Whether BM25-over-ChromaDB was "better" depends on what you're optimizing for. For retrieval quality on a larger, more varied corpus, an embedding-based approach would win, since BM25 degrades once questions stop reusing the document's own vocabulary. But for this deployment, with this knowledge base size and this hosting constraint, dropping the vector store was unambiguously the right call: it eliminated an entire class of deployment failures and removed a dependency for a problem that ten short documents don't actually need solved with embeddings.

If I were extending this rather than rebuilding it, the next real upgrades would be a basic retrieval eval (even just "did the correct runbook end up in the top 4 for a labeled set of test questions"), splitting the longer runbooks into smaller chunks so the model gets more relevant text per retrieved slot, and a hybrid approach once the knowledge base grows past roughly fifty documents. Somewhere around that scale, pure keyword overlap stops being enough to catch the paraphrased queries vector search handles for free.

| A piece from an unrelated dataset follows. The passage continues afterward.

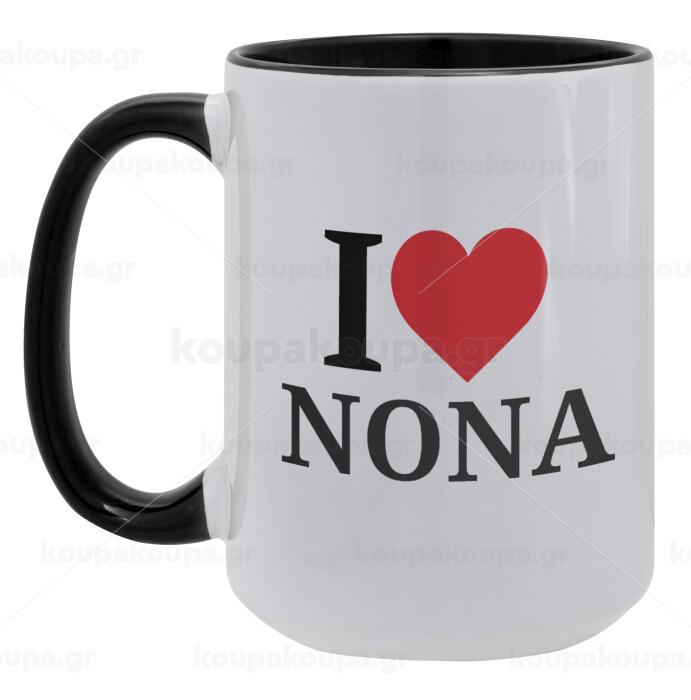 I Love ΝΟΝΑ, Κούπα Mega 15oz, κεραμική Μαύρη, 450ml

That's also roughly the direction I went on a separate project, AskMyDoc, where I paired BM25 with ChromaDB in a hybrid retriever, added HyDE-style query rewriting to bridge the vocabulary gap, and built a RAGAS-based evaluation harness to actually measure retrieval quality instead of eyeballing it. SmartQueue's BM25-only pipeline was the right tool for a ten-document, single-container helpdesk demo. It's not the pipeline I'd reach for if the knowledge base were a thousand documents instead of ten, but knowing the difference, and being able to justify it with a real deployment failure rather than a hunch, is the actual lesson this project taught me.